Deep learning relies on artificial neural networks, which are composed of
interconnected layers of artificial neurons or nodes. These networks are designed to
mimic the behaviour of the human brain, where each neuron takes inputs, applies
weights, performs computations, and produces an output. Deep learning emphasizes the
use of deep neural networks, which have multiple hidden layers between the input and
output layers. The term "deep" refers to the depth of the network, as it has a large
number of layers compared to traditional neural networks. Deep learning algorithms
require large amounts of labelled training data to effectively learn and generalize. With
the advent of big data and advancements in computing power (including GPUs), deep
learning has become more feasible and has achieved impressive results in various
domains, such as image recognition, natural language processing, and speech
recognition.
• Visual Studio code: Visual Studio Code (VS Code) is a lightweight and versatile source
code editor developed by Microsoft. It is available for Windows, macOS, and Linux
and is widely used by developers for various programming languages and frameworks.
VS Code provides a rich and intuitive code editing experience. VS Code has a vast
extension marketplace that offers a wide range of extensions developed by the
community. These extensions provide additional functionalities, such as language
support, debugging capabilities, code snippets, version control integration, and more.
Developers can customize and enhance their editor's functionality by installing the
extensions that suit their needs. VS Code allows the configuration and execution of
various tasks, such as building, testing, and running applications, through its integrated
task runner. Users can define custom tasks or leverage predefined task configurations
for popular tools and frameworks, streamlining common development workflows.

17
Chapter 5

IMPLEMENTATION

i)Dataset Creation:

To create our custom dataset for YOLO models, we collected a variety of images featuring
different types of weapons. These images were manually labeled using an open-source website
called Make Sense. Make Sense is a popular tool used for creating datasets specifically for
YOLO (You Only Look Once) models, which are widely used for object detection tasks.
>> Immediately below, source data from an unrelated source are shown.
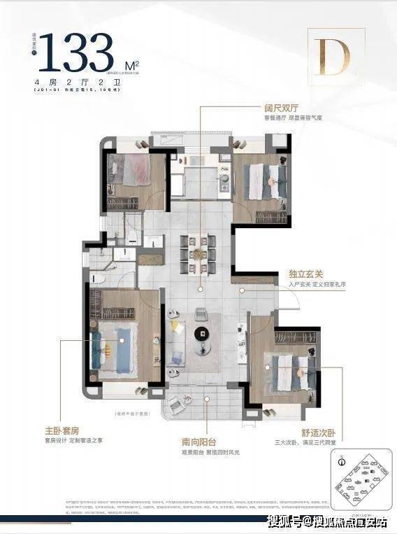 建筑面积约133㎡/143㎡四房两厅两卫,大开间,在满足空间感的基础上,增加户型的功能性,承载生活高舒适度;其中建筑面积约133㎡的四叶草户型,主卧套房设计,三代同堂各有私密天地;南向观景阳台,饱览阳光美景,双卫设计,提供更多私密空间与生活便利。中建玖海云天售楼处预约电话:400-8657-114
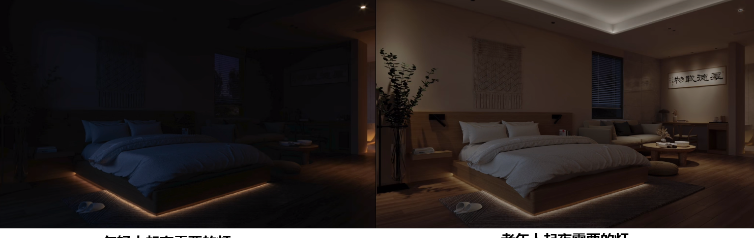 考虑到老人的特殊需求,起夜时需要更明亮、更安全的灯光。推荐在床头、门口、过道、卫生间等位置安装低位感应式小夜灯。
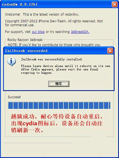 最后紅雪會提示你越獄成功,但是需要按照它來引導(dǎo)設(shè)備啟動:
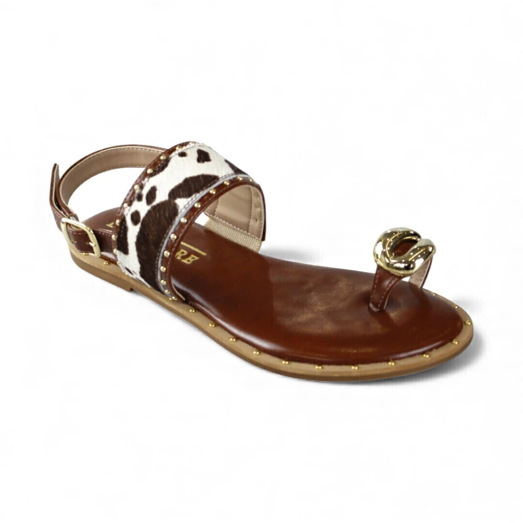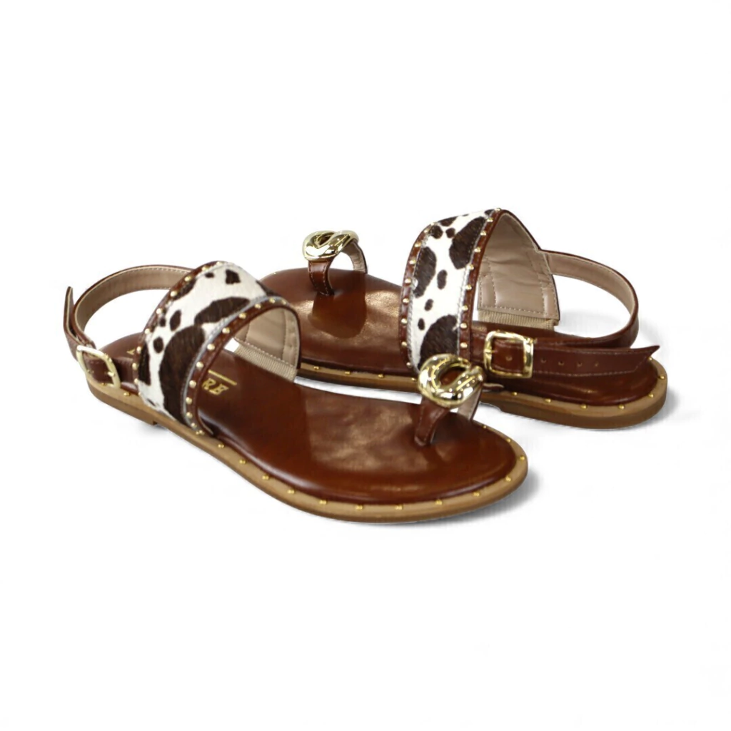 DESCRIÇAO: Sandália feminina rasteira marrom com tira larga sobre o peito do pé em material tipo pelo com estampa animal (manchas em marrom e branco). Possui passador em formato de argola/detalhe dourado no dedão, tira no tornozelo com fivela dourada e palmilha acolchoada marrom. Solado plano com pequenos studs dourados na borda. Visual casual e com toque sofisticado.
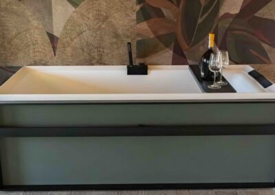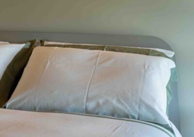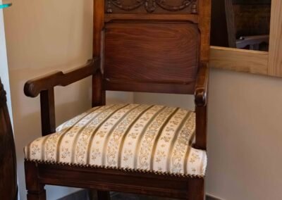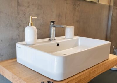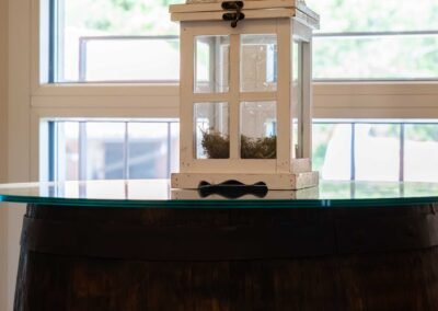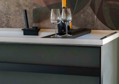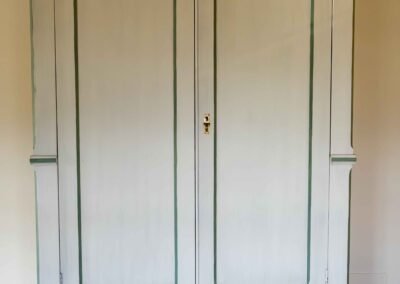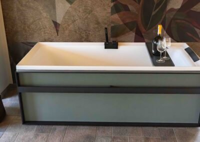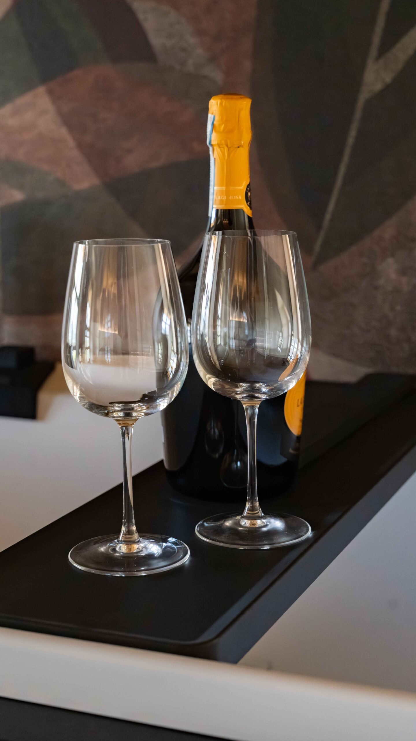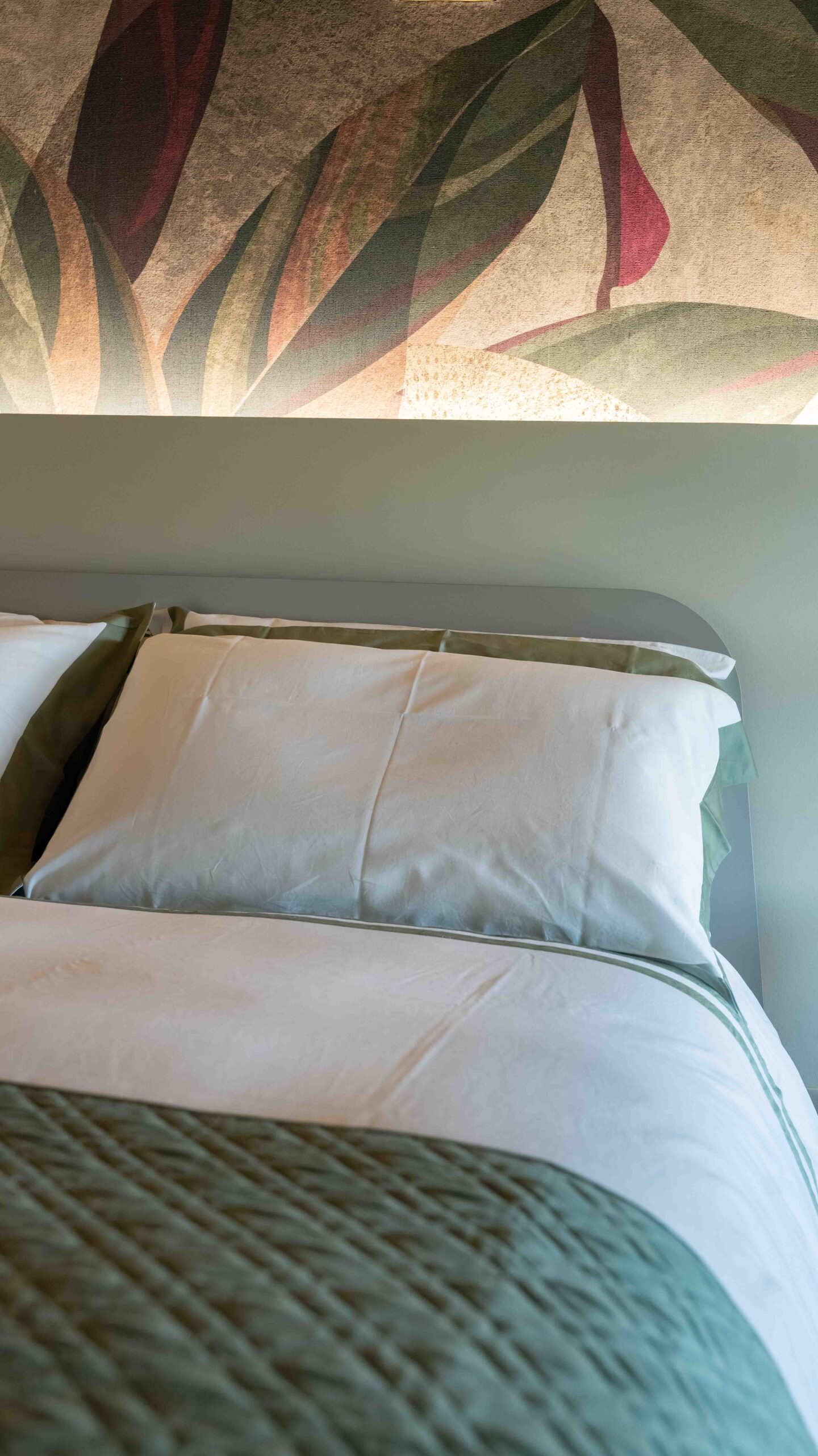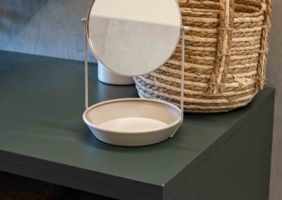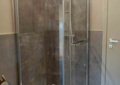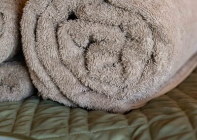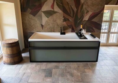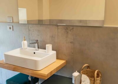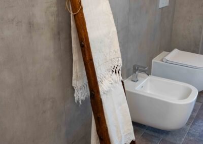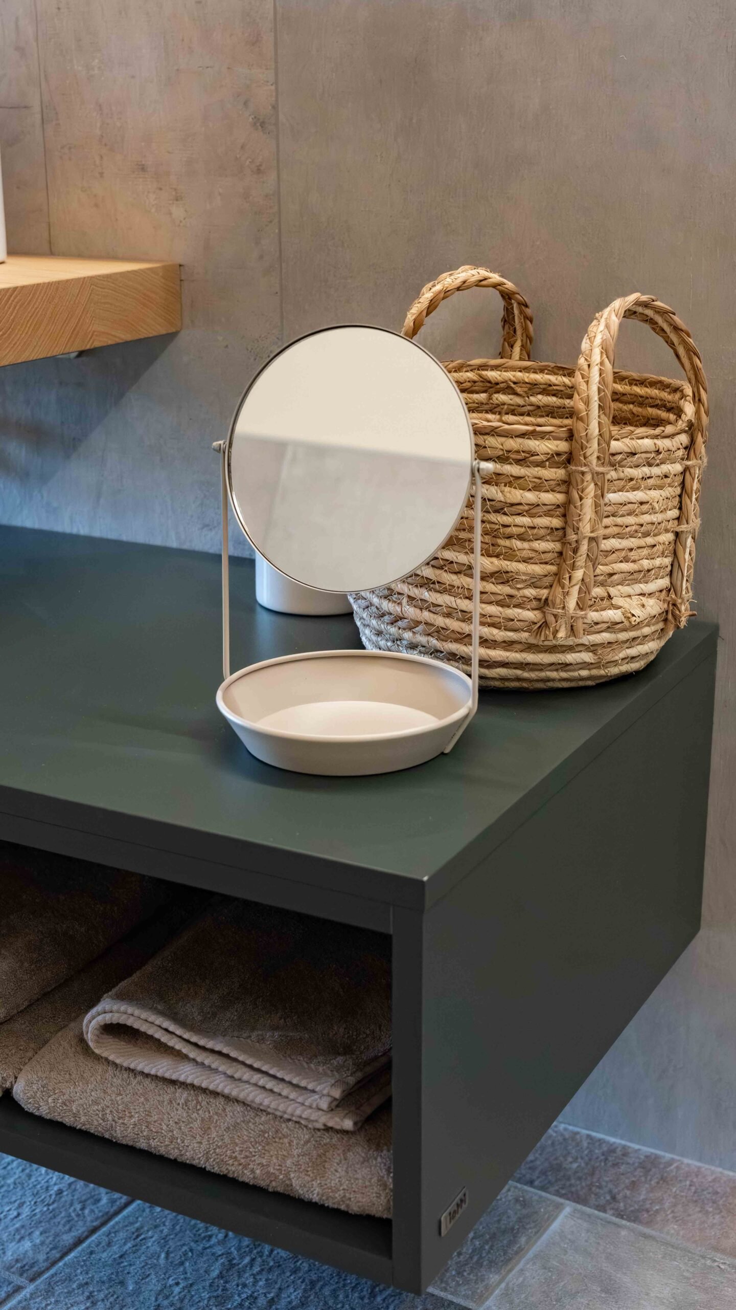 Il tema scelto è quello della Cantinetta, un tempo fulcro della cascina per la conservazione degli alimenti e luogo di festa durante la vendemmia. E’ la più spaziosa delle quattro camere e l’unica con la vista sui laghi. Offre, inoltre, la possibilità (su richiesta) di inserire un letto aggiuntivo diventando un’eventuale camera tripla. I colori di questo ambiente richiamano quelli presenti nell’antica cantina e spaziano dal verde bottiglia delle damigiane al viola dell’uva matura e sono in perfetta armonia con il panorama circostante. L’arredamento è studiato nei minimi dettagli per far sì che la tradizione e la modernità possano coesistere e dare vita ad un ambiente elegante e unico nel suo genere. Il letto matrimoniale, situato in posizione strategica, gode della vista sul panorama circostante e sulla vasca idromassaggio posizionata sulla parete opposta anch’essa con affaccio sul lago grande di Avigliana. Completano il tutto un armadio, due comodini, una TV, un frigo bar, una cassetta di sicurezza e una postazione caffè. Il bagno è preceduto dall’ anti-bagno ed è completato da sanitari sospesi, mobile lavabo con specchio e ampia doccia.
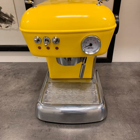 Mobil kaffevogn udstyret med espressomaskine. Velegnet til brug ved events, markeder eller udendørs servering. Vognen har en åben bagklap og plads til opbevaring af kaffeudstyr og kopper.
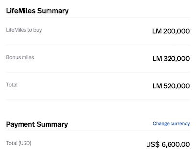Ordinarily you can buy avianca lifemiles for 3.3 cents each, before any discounts or bonuses. That means that if you purchased 200,000 lifemiles (pre-bonus) with a 160% bonus, you’d receive a total of 520,000 lifemiles for $6,600, which is a cost of 1.27 cents per mile.
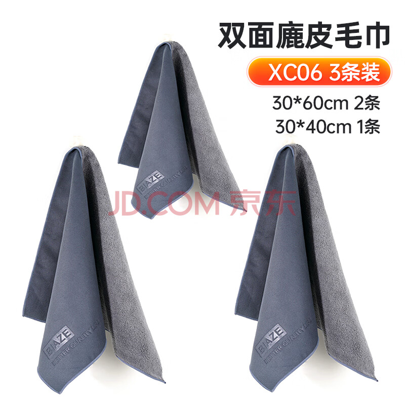 商品相册:毕亚兹 洗车毛巾擦车专用抹布汽车车用毛巾麂皮绒吸水不留痕抹大小3条装第
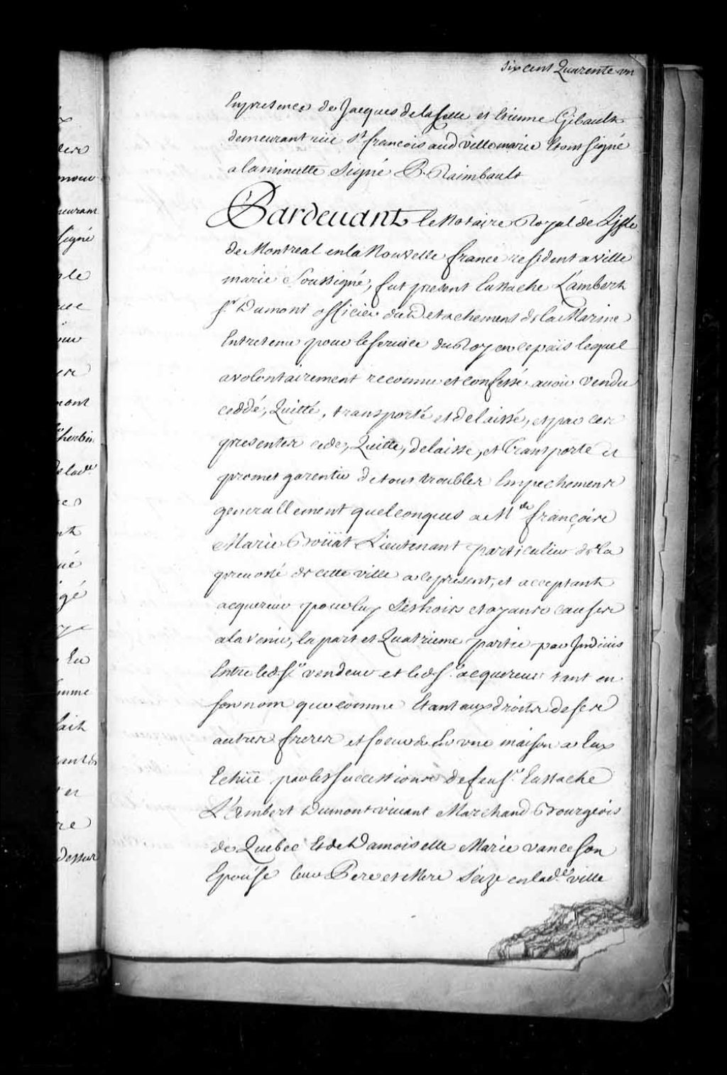 Contrat de vente par Eustache Lambert, sieur Dumont, officier du détachement de la Marine entretenu pour le service du Roi en la Nouvelle-France, à Maître François-Marie Bouat, lieutenant particulier de la Prévôté de Montréal, du quart par indivis d'un emplacement et d'une maison sis rue Notre-Dame et place Royale en la Basse-Ville de Québec, à eux échue par la succession du feu sieur Eustache Lambert Dumont, de son vivant marchand bourgeois de Québec, et de damoiselle Marie Vanceson (Vanneck), ses père et mère (Notaire Pierre Raimbault)
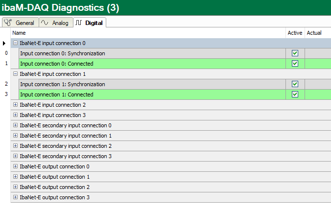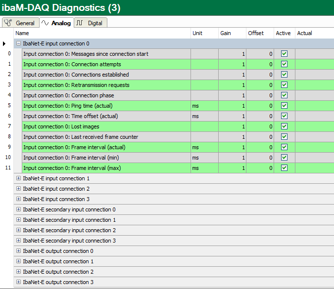 A feature of the connection quality for the Ethernet: In regular operation, a ping to the ibaNet-E device is performed every one second and the measured time is displayed here. The shorter this time is, the better the connection quality and the more reliable the data transmission. For the synchronization at the start of the acquisition and sporadically during the acquisition, this ping is performed at a much higher frequency.
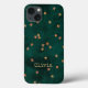 Multicolored simulated faux glitter stars design on grunge watercolor style pattern in shades of dark forest green. Personalise with your name or initials in matching lettering.
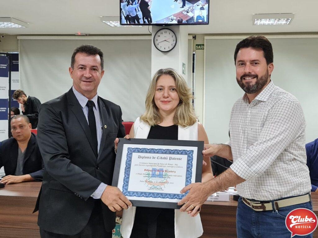 Durante a reunião ordinária da Câmara Municipal de Patos de Minas, realizada nesta quinta-feira (15/12), a juíza de direito Solange de Borba Reimberg recebeu o título honorífico de Cidadã Patense.

In total, we gathered 900 labeled images for our dataset, with 100 images dedicated to each
selected category of weapon. This ensured a diverse range of weapon types and variations
within each category. The purpose of such labeling is to provide ground truth annotations for
the model to learn from, enabling it to accurately identify and classify weapons in real-world
scenarios.

Additionally, we created a separate validation dataset consisting of 180 labeled images. Within
this validation set, there were 18 images for each category of weapon. The validation dataset
serves as an independent sample to assess the performance and generalization capability of the
trained YOLO models.

By manually labelling the images and creating this custom dataset, we have taken an essential
step in training and evaluating our YOLO models for weapon detection. The dataset's diversity
and the inclusion of a validation set will contribute to a robust and reliable model capable of
accurately detecting various types of weapons in different settings.

18
Fig 5.1: Dataset Labelling using MakeSenseAI

ii)Creating a YAML configuration file


This is an essential step in training a YOLO model as it specifies important parameters and
paths required for the training process. Let's delve into more detail about the elements typically
included in a YAML configuration file for YOLO models.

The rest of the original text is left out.